All this is a consequence of the British government's decision to place the responsibility for delivering (and financing) environmentally-friendly power in the hands of the generation utilities.
I will spare you the detail of how the ROC system works but here are the essentials. Through its power industry regulator, Ofgem, DECC obliges electricity supply companies to get a percentage of their electricity from renewable sources. At present this percentage is 9.1 per cent, but it will increase in future. This is the so-called renewable obligation.
Ofgem gives an electricity generator one renewable obligation certificate for every megawatt of renewable electricity it produces for an hour (MWh). The generators then sell these ROCs to the electricity supply companies. The supply companies in turn surrender them to Ofgem to demonstrate that they have satisfied the renewable obligation. If they do not surrender enough ROCs they have to pay a shortfall fine and the money raised is then recycled back to the generators.
Now we come to the goose-plucking bit. The electricity supply companies are just the middlemen, buying electricity from the generators and selling it to us, the public. Like any sensible middleman, when our supplier incurs the costs of buying ROCs and paying shortfall fines it promptly rolls them into our quarterly electricity bills. And because these costs are not identifiable on our bill, we pay them with absolutely no hissing.
The hidden renewables tax
You have to admire the craftsmanship of the scheme. It obliges the public to pay a huge subsidy to the renewable electricity generators. It does so without violating any EU rules and without attracting tax-blame to the government.
The subsidy payment is not the only privilege given to the renewable electricity business. To make it easier for banks to finance schemes to build renewable generation plants, the government guarantees that the ROC system will continue at least until 2027, and that it will increase the percentage of total generation that must come from renewable sources from year to year to maintain the value of the ROCs.

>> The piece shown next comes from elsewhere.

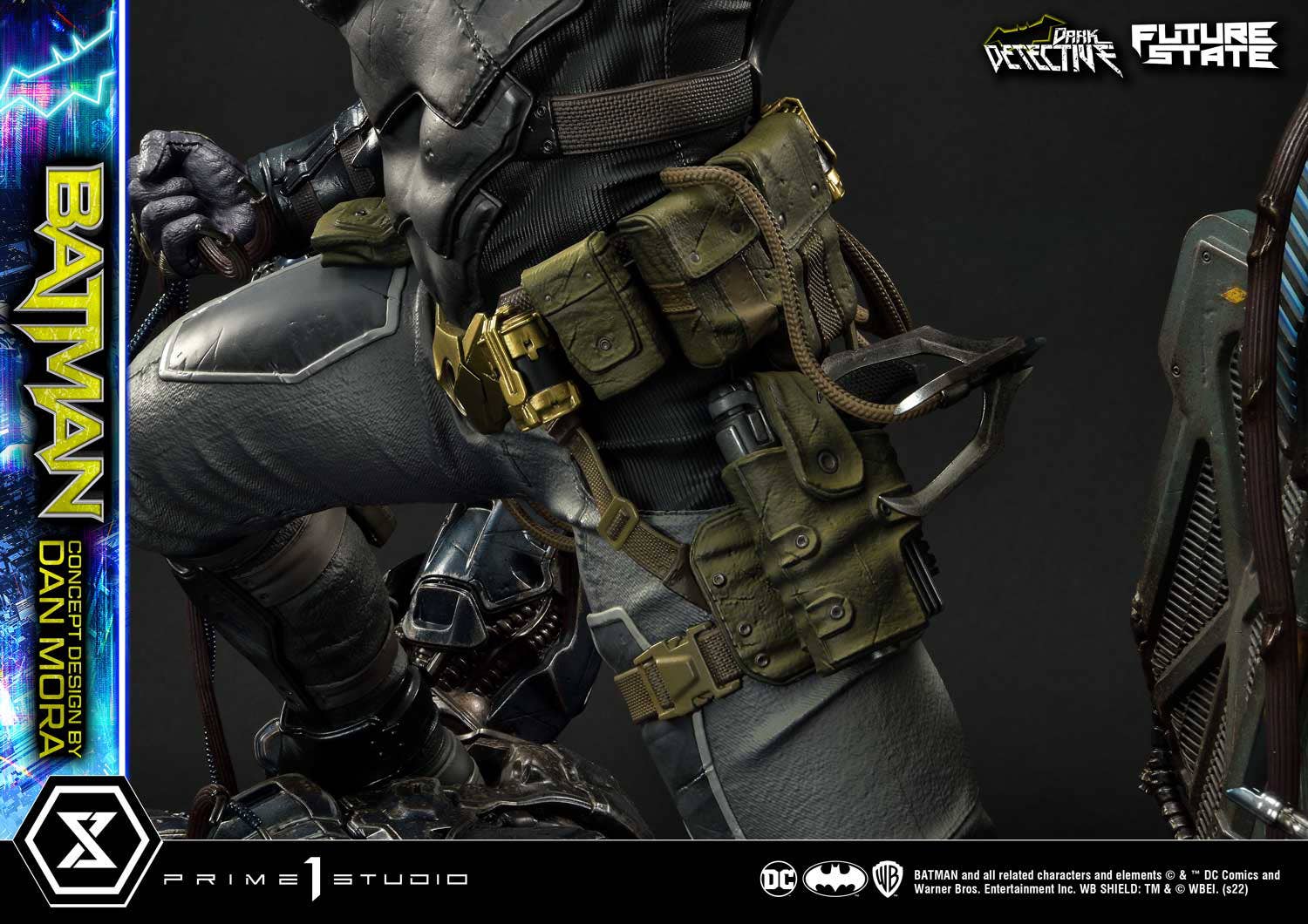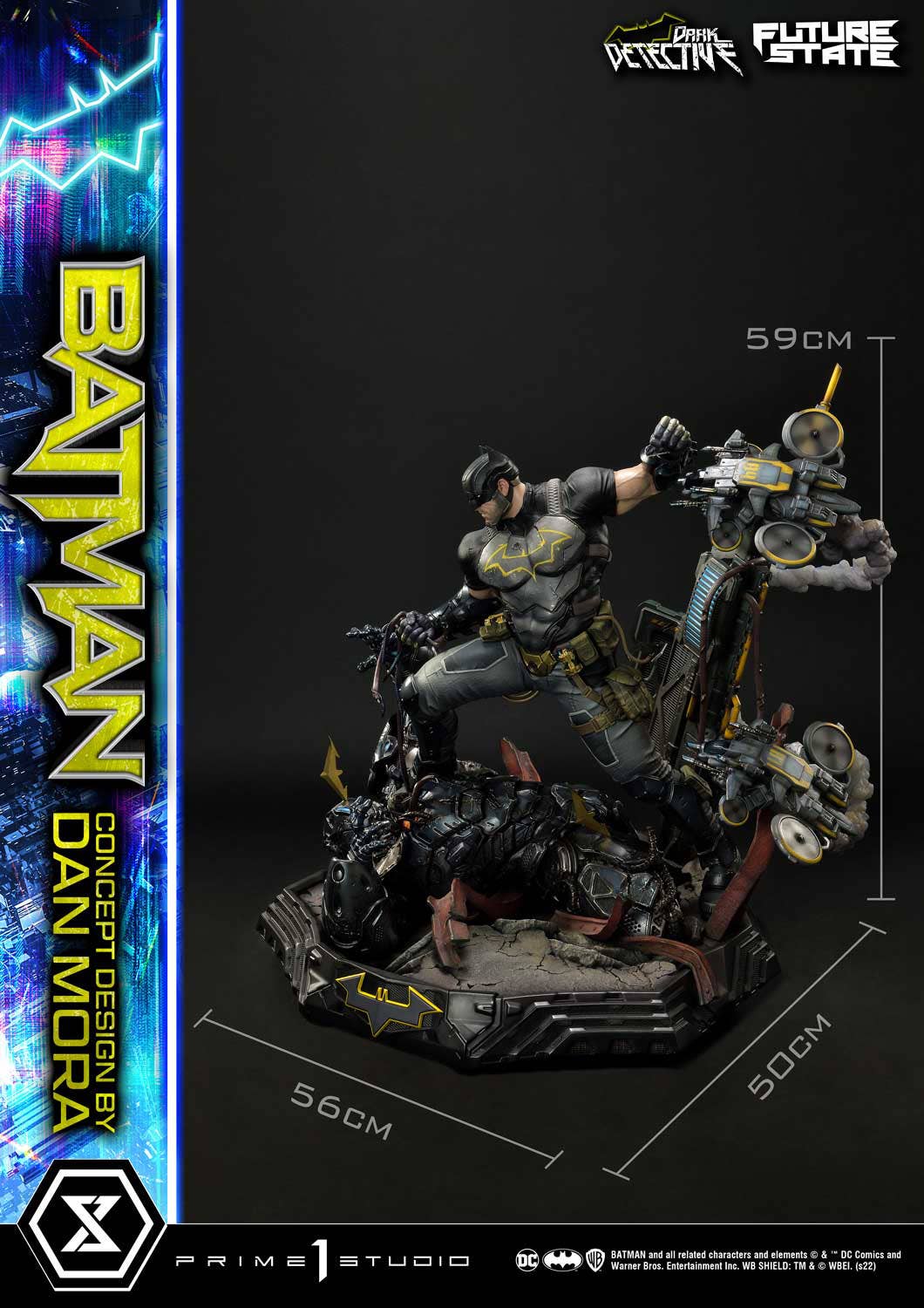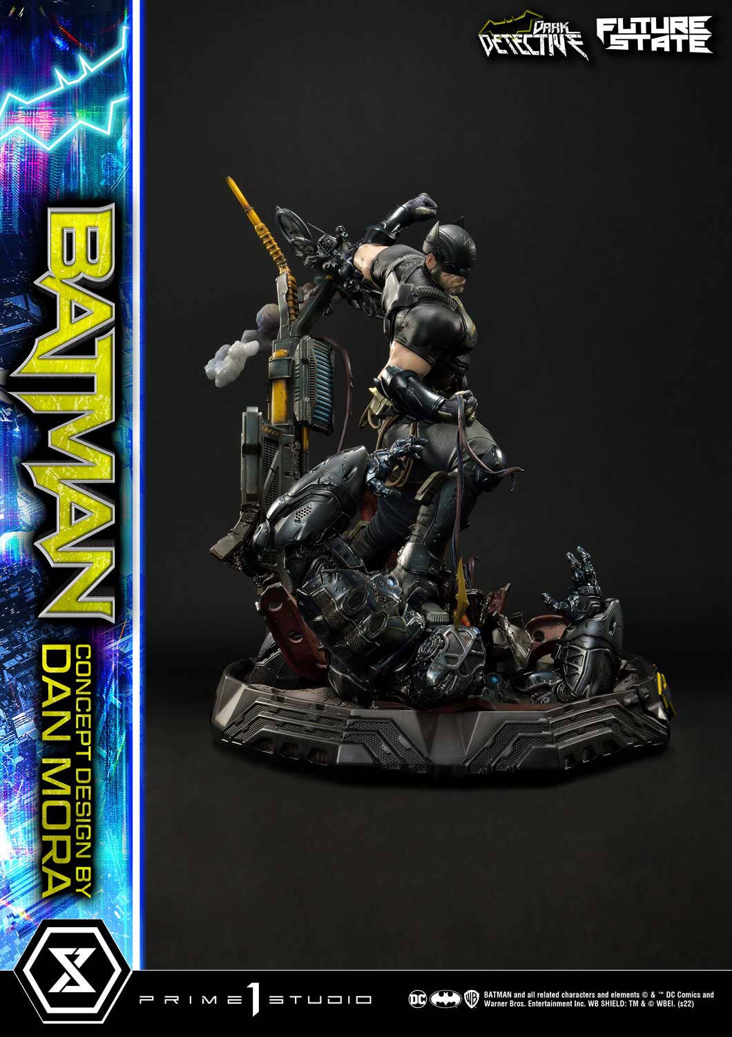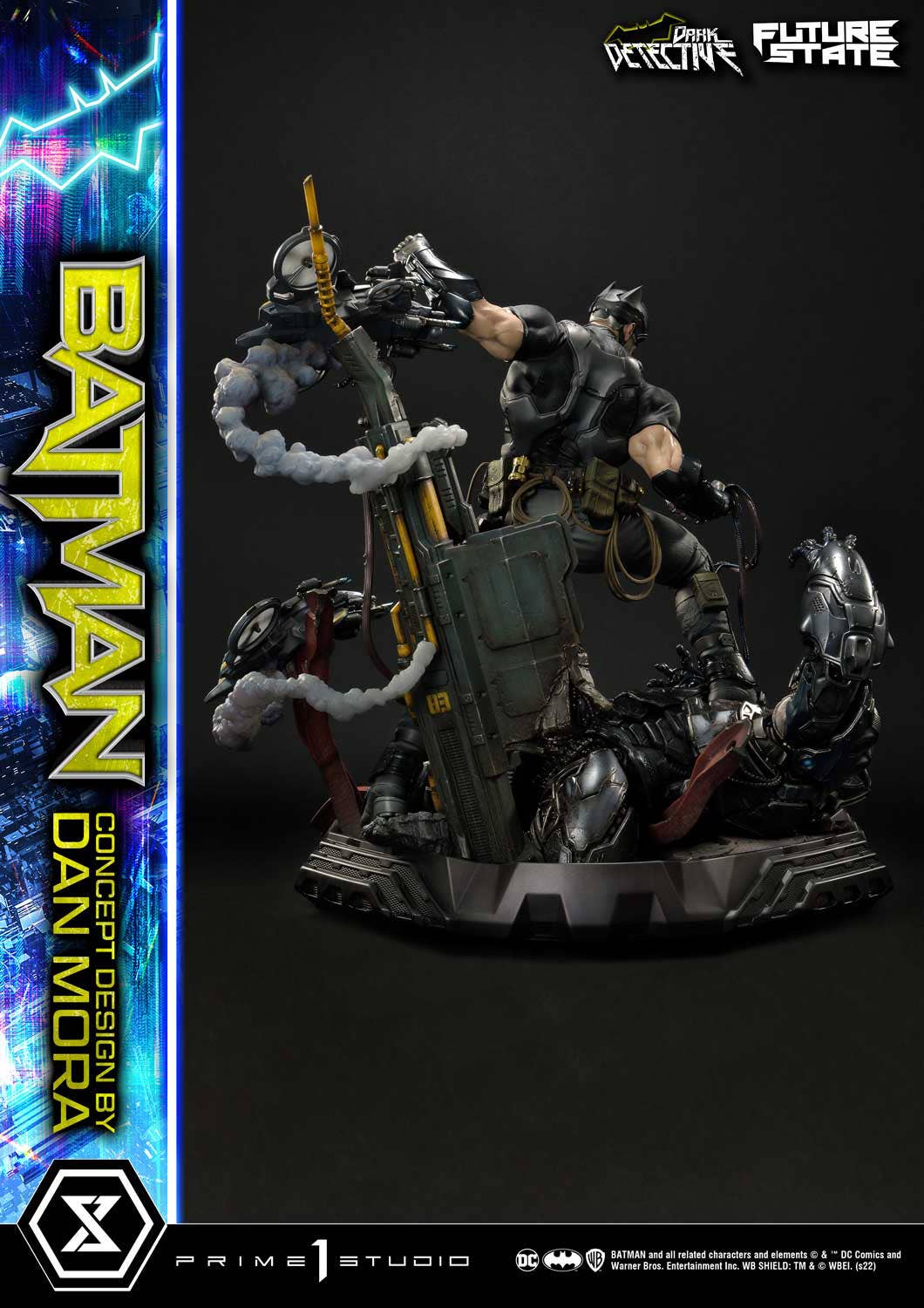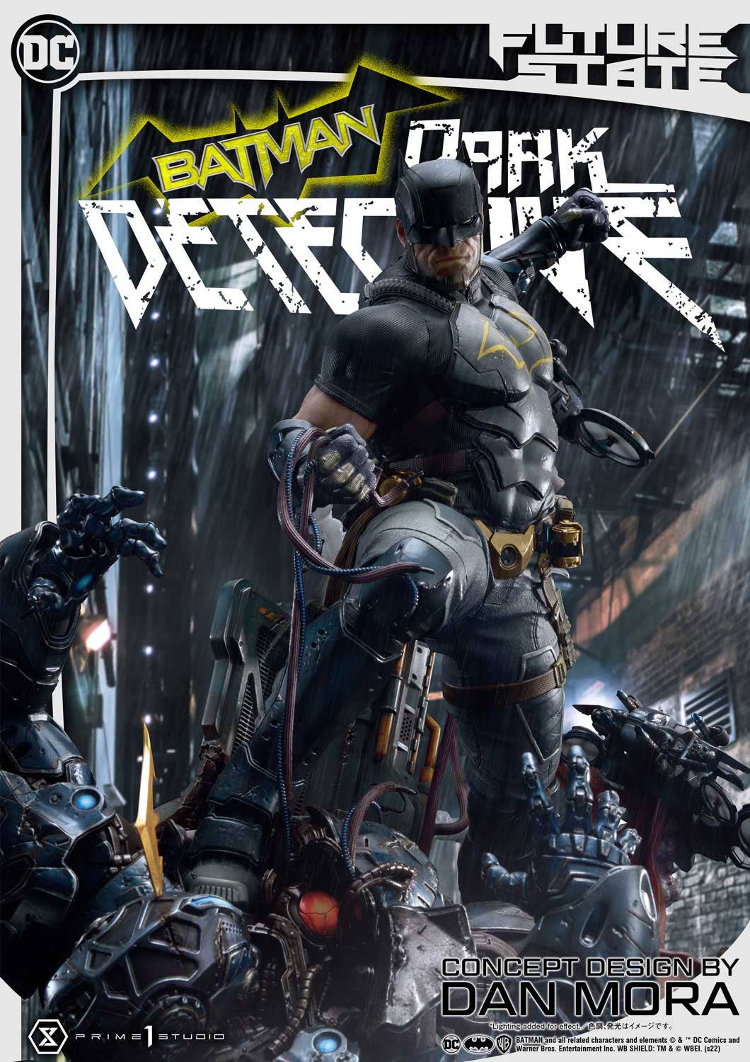 The stage is Gotham City in the DC Multiverse, and the enemy is the mysterious Magistrate. This amazing figure of Batman hails from "Dark Detective" from the "DC Future State" collection of short stories depicting a dystopian future! DC comic book artist Dan Mora collaborates with Prime 1 Studio to bring us this latest entry in the "Ultimate Premium Masterline" series, complete with attack drones emitting white smoke, a defeated humanoid robot, and Batman at the center of the composition, unleashing all-out blows! Batman has removed his coat to expose his high-tech bodysuit complete with plate armor; the texture of each part is reproduced without compromise, and the weathering and contrast in the paintwork is perfect. A military-like pouch and a holster are included that can be attached to the waist belt, too. Even the defeated Magistrate lying at his feet is highly detailed. Order this awesome presentation for your own collection today!

How valuable is the subsidy? We have seen that generators of renewable electricity sell two things—electricity and ROCs. The wholesale spot price of electricity (the price to buy or sell electricity at four hours' notice) fluctuates considerably, but is now averaging about £75 per MWh. Many generators—including renewable generators—avoid the spot market and sell under long-term contracts at prices that are usually lower but occasionally higher than the average spot price. By contrast, the value of a ROC is more stable and averages about £52 per MWh. Taken together, the two currently give the renewable generator an income of £127 per MWh if it chooses to sell its electricity on the spot market. This is a 69 per cent premium over its non-renewable competitor selling into the same market.
Where the secret tax goes
So far, we have described renewable electricity without explaining how it is generated. In contrast to oil, gas, coal and uranium—all of which must run out—renewable electricity comes from sources that are, in theory, everlasting. In Britain today, the three most important sources are hydro, landfill gas and wind.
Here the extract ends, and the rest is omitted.